Ann Thorac Surg 2002;73:339-340
© 2002 The Society of Thoracic Surgeons
Review
Invited commentary
Marshall L. Jacobs, MDa
a St. Christopher’s Hospital for Children, Philadelphia, PA 19134, USA
 |
Introduction
|
|---|
 Top
 Introduction
|
|---|
Two decades ago, a number of innovative surgeons attempted a variety of palliative operations with the shared goal of stabilizing the fragile circulation of neonates with hypoplastic left heart syndrome. In that early surgical experience, postoperative survival was a rare event. The approach advocated in the early 1980s by Norwood was unique not only with respect to the achievement of intermediate survival, but because the initial palliative surgery was planned and executed in the context of the very specific and ambitious goal of eventually accomplishing a modification of Fontan’s operation. Thus, its essential ingredients included establishment of a permanent communication between the right ventricle and the aorta while preserving the potential for aortic growth, limitation of pulmonary blood flow to attenuate pulmonary vascular changes caused by elevated pulmonary blood flow and pressure, and creation of a satisfactory interatrial communication to ensure unobstructed pulmonary venous return to the systemic right ventricle. Reports of success using this strategy were met with an unusual degree of cynicism and skepticism, and individuals in the disciplines of pediatric cardiology and congenital heart surgery continued to promulgate scholarly reports advancing arguments why some, or many, or all neonates with hypoplastic left heart syndrome could not or should not be subjected to such a treatment strategy. These arguments continued, though less voiciferously, when other surgeons besides Norwood reported similarly encouraging results with this strategy, and as importantly acknowledged and described the "learning curve" phenomenon which yielded steadily improving outcomes. Those arguments are less often heard in the current era, and emphasis has shifted to ways of refining treatment strategies to further reduce morbidity or mortality.

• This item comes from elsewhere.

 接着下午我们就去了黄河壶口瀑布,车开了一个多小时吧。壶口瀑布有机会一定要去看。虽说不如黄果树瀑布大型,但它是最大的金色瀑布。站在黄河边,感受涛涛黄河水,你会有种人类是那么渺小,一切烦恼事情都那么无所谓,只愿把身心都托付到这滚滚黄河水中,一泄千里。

The common basis for all such innovations is an understanding of the fundamental goals of balancing systemic and pulmonary blood flow, and optimizing systemic oxygen delivery.

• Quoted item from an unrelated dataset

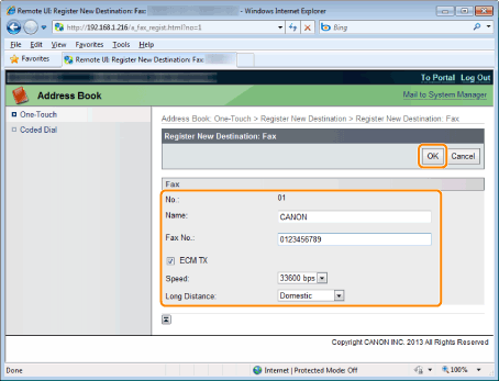 If you select <Fax> in Step 4, press [OK] to specify <Set Details> if necessary. ![]() |

Mastery of the challenge of surgical palliation of hypoplastic left heart syndrome involves much more than the experience required to appreciate and avoid the pitfalls inherent in a technically demanding but physiologically sound and reproducible surgical exercise. As importantly, it requires a multi-disciplinary team approach that is based upon an understanding of the dynamic and fragile physiology of the neonate with a single ventricle with duct-dependent systemic circulation preoperatively, and shunt dependent pulmonary circulation postoperatively. The preceding review by Pearl and colleagues clearly summarizes the lessons learned over the past two decades and highlights as well some of the more contemporary and innovative strategies designed to minimize the morbidity associated with operative and perioperative care of neonates with hypoplastic left heart syndrome. As such, it is of considerable value not only to congenital heart surgeons, but to our colleagues in pediatric cardiology and critical care as well.